Если это допрос, то ведут его здесь иначе, чем служба безопасности в Йоханнесбурге или Претории.
— Что же вы, милочка, намерены делать, — спросил доктор Персивал, — когда он даст о себе знать?
Сара отбросила осторожность. До тех пор, пока она будет осторожничать, она ничего не узнает. И она сказала:
— Я сделаю то, что он мне велит.
Доктор Персивал сказал:
— Я так рад, что вы мне это сказали. Это значит, что мы можем быть откровенны друг с другом. Мы, конечно, знаем — как, очевидно, и вы, — что он благополучно прибыл в Москву.
— Слава богу.
— Ну, если не Бога, то КГБ вы, безусловно, можете за это поблагодарить. Не будем догматиками — они, скорее всего, действовали сообща. Я полагаю, рано или поздно Морис предложит вам присоединиться к нему.
— И я к нему поеду.
— С мальчиком?
— Конечно.
Доктор Персивал снова опустил вилку в горшочек с жарким. Он явно был из тех, кому пища доставляет удовольствие. А Сара стала менее осмотрительной, узнав — к своему великому облегчению, — что Морис в безопасности. Она сказала:
— Вы не можете меня задержать.
— О, не будьте так в этом уверены. У нас, знаете ли, есть на вас целое дело. В Южной Африке вы очень дружили с неким мужчиной по имени Карсон. Коммунистическим агентом.
— Конечно, я с ним дружила. Я ведь помогала Морису — для вашей же службы, хотя и не знала этого тогда. Морис говорил мне, что ему это нужно для книги об апартеиде, которую он пишет.
— А Морис, наверное, и тогда уже помогал Карсону. И Морис сейчас в Москве. Это, конечно, строго говоря, не наше дело, но Пятое управление вполне может счесть нужным начать по вашему поводу следствие — покопать поглубже. Если позволите старому человеку дать вам совет, — старому человеку, который был другом Мориса…
Перед мысленным взором Сары возникла неуклюжая фигура человека в мешковатом пальто, игравшего в прятки с Сэмом среди по-зимнему голых деревьев.
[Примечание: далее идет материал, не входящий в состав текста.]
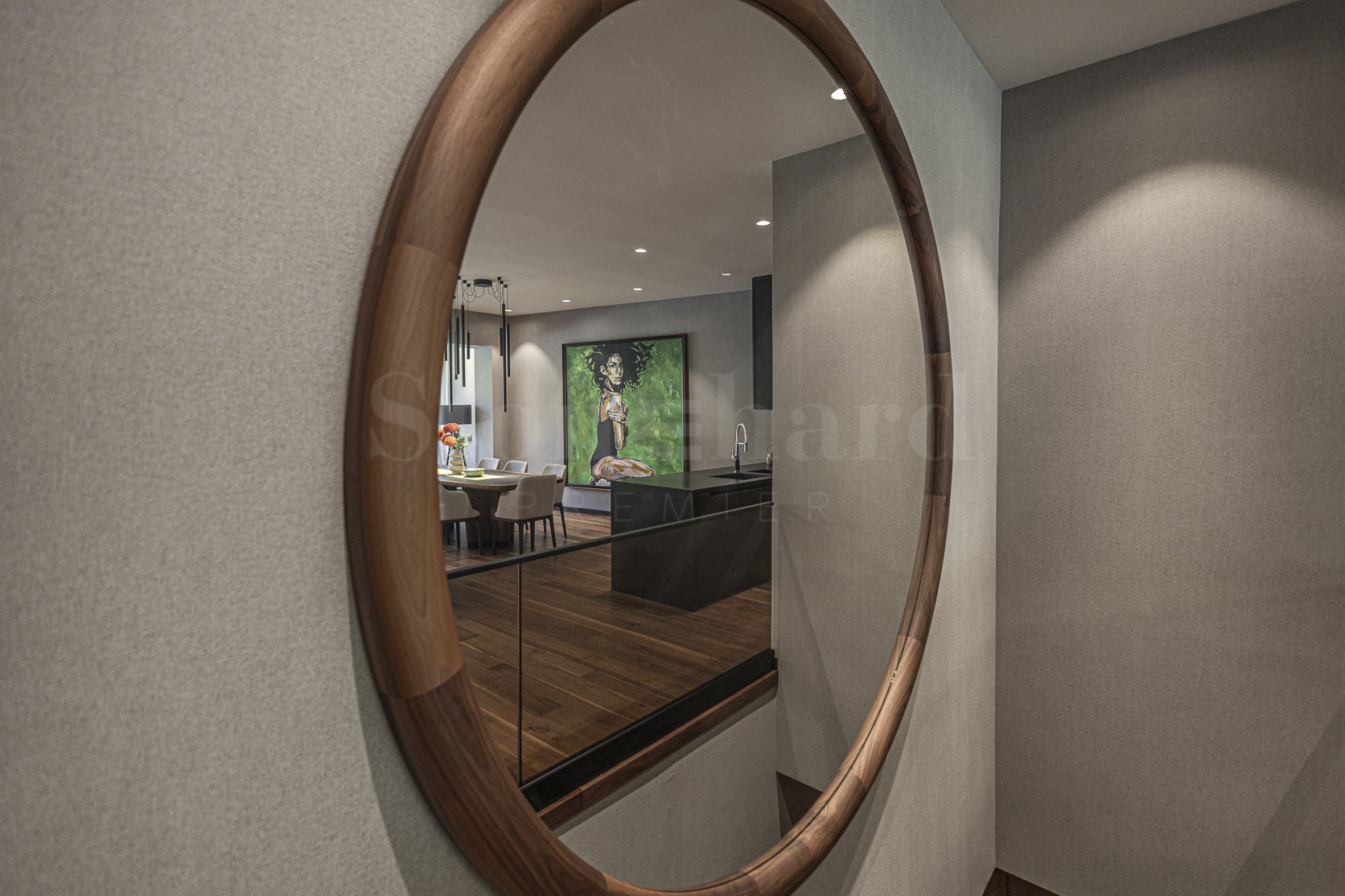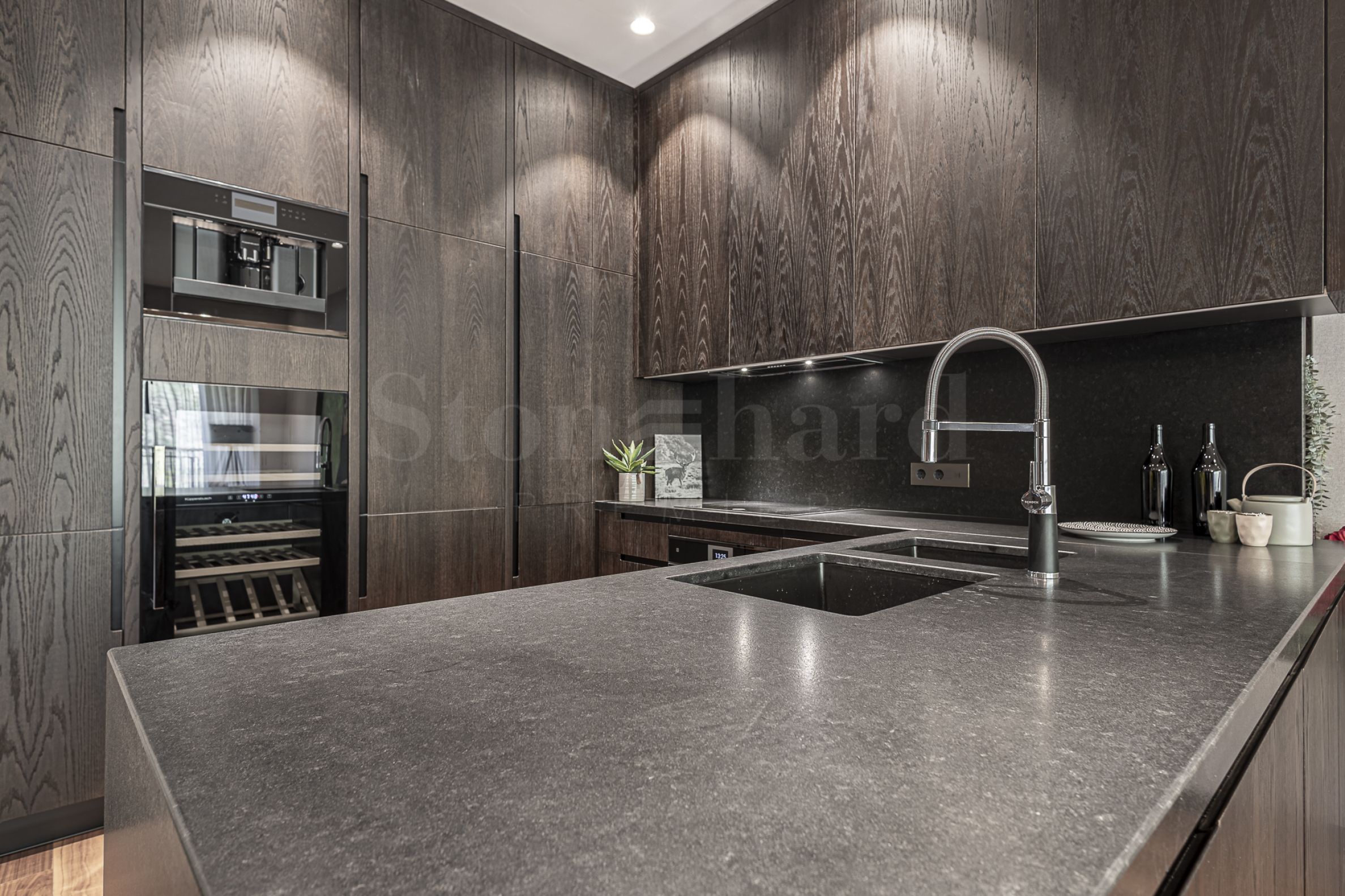 Apartman je završen i namešten sa najkvalitetnijim materijalima, nameštajem i uređajima. U dnevnoj sobi je ugrađena moderna i funkcionalna kuhinja sa ugrađenim uređajima Miele. Svi prostori osim kupatila su završeni podnim oblogama od prirodnog parketa.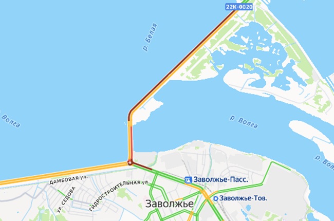 По данным сервиса "Яндекс Карты" на 15:30, затор уже начинается в городе Заволжье.

— И Дэвиса тоже, — сказала она, — вы ведь были и другом Дэвиса, верно?
Доктор Персивал не донес до рта ложку с соусом.
— Да. Бедняга Дэвис. Такая печальная смерть, и ведь он был еще совсем молодой.
— Я не пью портвейна, — сказала Сара.
— Милая моя девочка, что вы так перепрыгиваете с одного на другое? Давайте подождем и не будем решать насчет портвейна, пока не доберемся до сыра: у них тут превосходный «уэнслидейл». Я только хотел сказать: пожалуйста, будьте разумны. Живите спокойно здесь, с вашей свекровью и вашим сыном…
— И сыном Мориса.
— Возможно.
— Что значит — возможно?
— Вы же встречались с этим человеком — Корнелиусом Мюллером из БОСС, такой несимпатичный тип. А имечко! Так вот, у него такое впечатление, что настоящий отец… дорогая моя, вы уж извините меня за то, что я выскажусь напрямик… Я не хочу, чтобы вы совершили ту же ошибку, какую совершил Морис…
— Вы говорите не очень-то напрямик.
— Так вот, Мюллер считает, что отец ребенка — из ваших.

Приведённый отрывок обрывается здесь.